When Chaucer wrote The Canterbury Tales, he had certain morals in mind. Chaucer usually dealt with one of the seven “deadly” sins as well. The humorous Miller’s Tale is no exception. The Story is about a carpenter who marries a young beautiful woman who is much younger than him. The moral of the story is revealed in the second paragraph, when Chaucer, through the voice of the miller, notes of the carpenter, “Being ignorant, he did not know of Cato’s advice that a man should marry a woman similar to him”. He goes on to say, “Men should wed their contemporaries, for youth and age are often at odds”.

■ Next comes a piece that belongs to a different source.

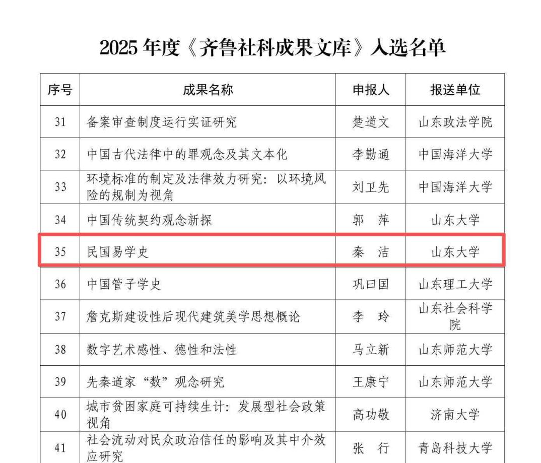 近日,山东省哲学与社会科学工作办公室公布了2025年度《齐鲁社科成果文库》入选名单,共有53项成果进入名单。beat365英国官方网站易学与中国古代哲学研究中心秦洁副教授《民国易学史》成功入选。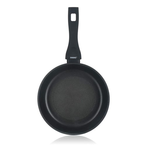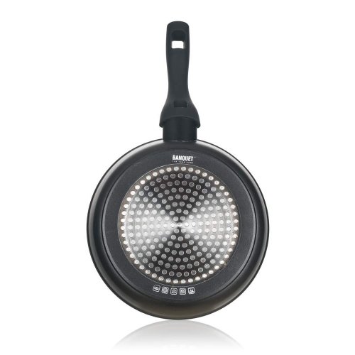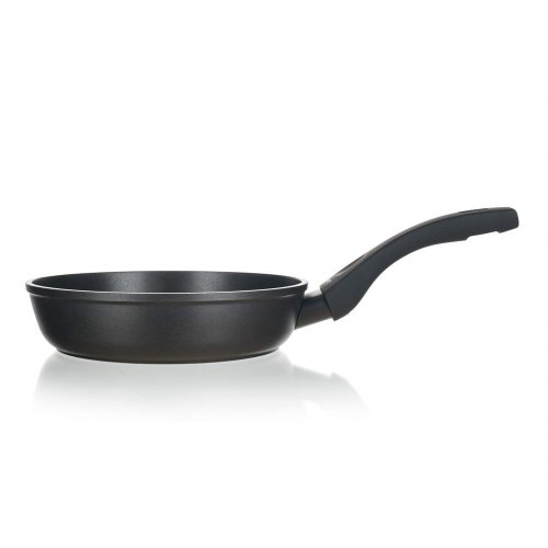 Hliníková kovaná pánev GRAZIA o rozměru 20 x 4,9 cm se značkovým nepřílnavým 3vrstvým povrchem ILAG PREMIUM, s vnějším 2vrstvým žáruvzdorným nástřikem, barva černý mat, zesílena tl. stěny 4,0 mm, indukční dno s piktogramovým laserovým potiskem.

Through his tale, Chaucer will demonstrate the truth in this moral. The carpenter is portrayed as a stupid fool to further reinforce the foolishness of marrying someone of a different age than oneself. The story will go on to show that, “since he had fallen into the trap, he had to bear his burden like other people”. As I have stated previously, the young wife was beautiful to look upon. Although she was married to the carpenter, her beauty was not overlooked by the townspeople. In the story, she is lusted after by two other men. One of the men, named Nicholas, was a boarder in the carpenter’s house.
The other was a parish clerk at the church named Absalom. The lust is the key issue here. It is one of the seven deadly sins and the one dealt with in this story. The other men lust after the carpenter’s wife and it brings trouble. In keeping with the moral of similar age marrying similar age, the young and flirtatious wife decides to have an affair with Nicholas. This illustrates how foolish the old carpenter was to think he could keep tabs on a young beauty like his wife. So Nicholas comes up with a plan to trick the carpenter and allow him to sleep with his wife.
Nicholas tells the carpenter that a great flood is coming, and that to save his wife and himself (as well as Nicholas), he needed to prepare large tubs with supplies and stash them on the roof. Nicholas then proposed that the three of them get on the roof with their vessels on the night of the great flood so they could be saved. The carpenter prepared the tubs as Nicholas had suggested. On the night of the “flood”, the three of them get on the roof as planned. The Carpenter falls asleep, and then Nicholas and the carpenter’s wife sneak down into the bedroom and make love.
Later that night, Absalom comes to the window and tries to woo the carpenter’s wife by proclaiming his undying love for her. The carpenter’s wife tells him to go away, but he is relentless. Finally, she concedes to give him a “kiss”. She tells Nicholas to get ready to laugh and thrusts her ass out the window, and because it is dark, Absalom kisses that but realizes his mistake after he feels hair! Absalom is enraged, and he goes into town and borrows a hot colter from the blacksmith. Then he returns to The carpenter’s house and says that he has brought his love a ring.
Nicholas then sticks his ass out the window, expecting Absalom to kiss it, but Absalom smites him in the ass with the hot colter, burning the skin off of Nicholas’s buttocks. Then the commotion starts as Nicholas screams for water which wakes up the carpenter who fears the flood is coming and cuts loose the tubs which fall, along with him, to the ground from off the roof, which causes him to break his arm. The entire town laughs at the carpenter for his foolishness and his injuries, and Nicholas and the carpenter’s wife deny the flood story.
So, the lust of Nicholas is punished with the scorching of his ass, the foolhardiness of the carpenter is punished by his injury and his being ridiculed by the town, and the lust of Absalom is punished by his kissing of the ass. In this way the story shows the moral that if you marry within your relative age group, you will avoid the problems that befell the poor carpenter because the lustiness of other, younger people will not infiltrate your marriage as it did the carpenter’s in the miller’s tale.